- Opening Delimiter -
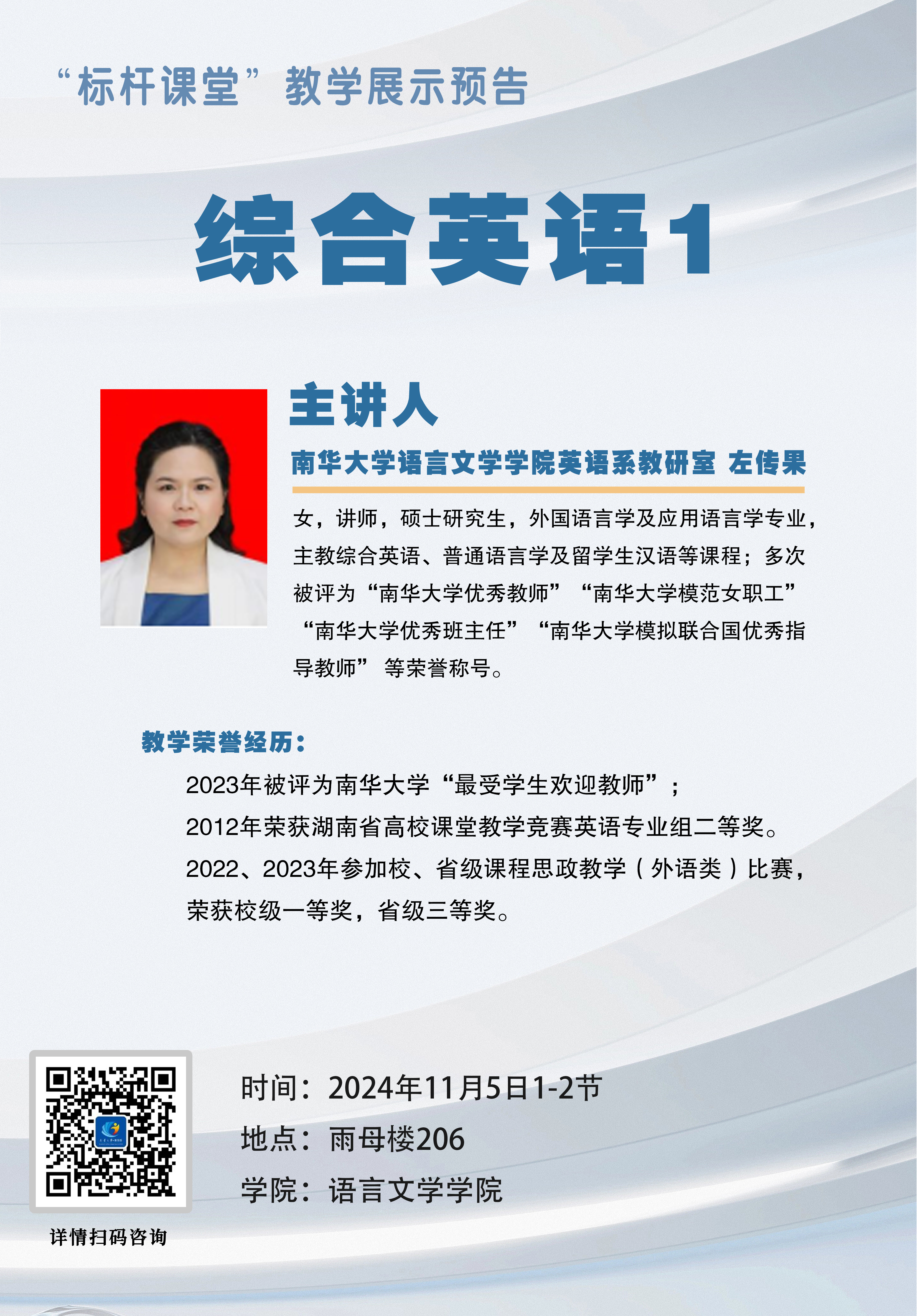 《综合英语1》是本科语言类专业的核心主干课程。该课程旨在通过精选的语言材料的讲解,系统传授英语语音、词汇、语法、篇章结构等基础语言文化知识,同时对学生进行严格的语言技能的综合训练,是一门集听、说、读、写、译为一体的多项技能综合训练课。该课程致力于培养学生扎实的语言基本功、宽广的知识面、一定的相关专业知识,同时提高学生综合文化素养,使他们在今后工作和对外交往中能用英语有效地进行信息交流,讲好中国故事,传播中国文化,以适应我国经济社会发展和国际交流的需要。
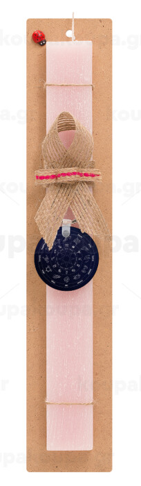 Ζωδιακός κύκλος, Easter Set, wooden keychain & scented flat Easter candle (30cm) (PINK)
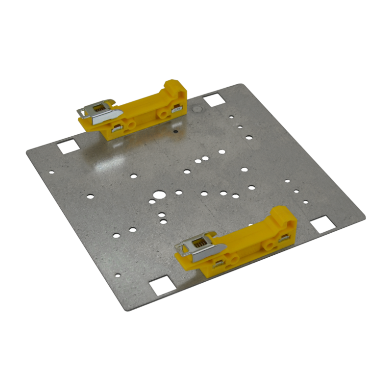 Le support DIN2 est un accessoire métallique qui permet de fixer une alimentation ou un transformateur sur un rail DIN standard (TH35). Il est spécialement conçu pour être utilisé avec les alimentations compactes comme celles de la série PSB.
- Closing Delimiter -
- Opening Delimiter -
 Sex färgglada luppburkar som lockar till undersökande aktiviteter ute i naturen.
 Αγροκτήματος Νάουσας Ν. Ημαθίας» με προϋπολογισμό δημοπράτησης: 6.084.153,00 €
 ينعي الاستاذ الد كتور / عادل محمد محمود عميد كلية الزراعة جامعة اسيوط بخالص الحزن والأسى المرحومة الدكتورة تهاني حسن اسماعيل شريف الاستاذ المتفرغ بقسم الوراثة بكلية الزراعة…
- Closing Delimiter -
In the data above, find the line with "Sex färgglada luppburkar" and the line with "ينعي الاستاذ الد". Retype both, plus every line between them, exactly.

Task result:
 Sex färgglada luppburkar som lockar till undersökande aktiviteter ute i naturen.
 Αγροκτήματος Νάουσας Ν. Ημαθίας» με προϋπολογισμό δημοπράτησης: 6.084.153,00 €
 ينعي الاستاذ الد كتور / عادل محمد محمود عميد كلية الزراعة جامعة اسيوط بخالص الحزن والأسى المرحومة الدكتورة تهاني حسن اسماعيل شريف الاستاذ المتفرغ بقسم الوراثة بكلية الزراعة…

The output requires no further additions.